等老爹给自己解释完了后,李远望从老屋出来,然后直接去了村委。
十分钟后,他又从村委会里走了出来,脸上的表情比进去时松动了些。
刚才他找了李德福,又正好碰上陈书记也在,借着“关心村里事务,怕竹竿的事处理不好影响村子名声”的由头,把谅解书的具体要求问了个大概。
陈书记还拍着他的肩膀,夸他有集体观念。
跟他爹说的差不多,不是要百分百签字,而是要获得“大多数村民的谅解”,具体怎么算“大多数”,有一定灵活性,但村委会和派出所会一起评估。
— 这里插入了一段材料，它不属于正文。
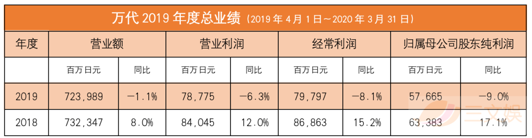归功于万代在18年4月制定的3年中期计划“CHANGE for the NEXT 挑战·成长·进化”,即便第四季度受到疫情影响,万代19年度的总业绩亦呈现出较为稳定的高水准表现。其营业额达到了7239.89亿日元(467.82亿元人民币),同比下降1.1%;营业利润为787.75亿日元(50.9亿元人民币),同比减少6.3%;净利润为576.65亿日元(37.26亿元人民币),同比下降9%。

重点是,那些在村里有威望、说得上话的家庭的态度,很关键。
心里有了点底,但那股被威胁的憋闷感还是堵在胸口。
他沿着村路慢慢往家走,脑子里乱糟糟的,想着怎么应付竹竿,又怎么才能一劳永逸地解决这个麻烦。
路过村里那座有些年头的观音庙时,他脚步顿了顿。
青砖灰瓦的庙宇在午后的阳光下显得格外安静,香火气若有若无地飘散出来。
这不是初一十五,庙里没什么人。
鬼使神差地,李远望脚下一转,走进了庙里。
果然,庙里冷冷清清,只有一个看庙的干瘦老头靠在墙边的竹椅上打盹,还有一个穿着旧褂子的中年汉子,正慢悠悠地扫着院子里的落叶。
李远望没去打扰他们,径直走进正殿。
观音娘娘的塑像慈眉善目,俯视着下方。
他取了香,就着长明灯点燃,恭敬地拜了三拜,将香插进香炉。
直起身时,他的目光扫过神像旁边。
那里靠墙立着一根锡杖,是庙里的法器,平时做法事或者重要节日才会请出来。
杖身乌黑,顶端是常见的样式,与他在沉船里捞到的那根鎏金锡杖截然不同。
但说到底,都是锡杖。
他盯着那根锡杖看了一会儿,脑子里忽然冒出一个念头。
反正竹竿只看到了那根锡杖,而且他自己已经确认过,那玩意儿只是鎏金的,值不了几个钱。
不如……
直接把锡杖捐给庙里?
不,不止如此。
既然竹竿拿“海里捞到古董”说事,那他索性把这事“闹大”。
他可以直接去找村委会上报,就说自己无意中发现近海可能有沉船遗迹,还捞上来一件疑似文物的鎏金锡杖。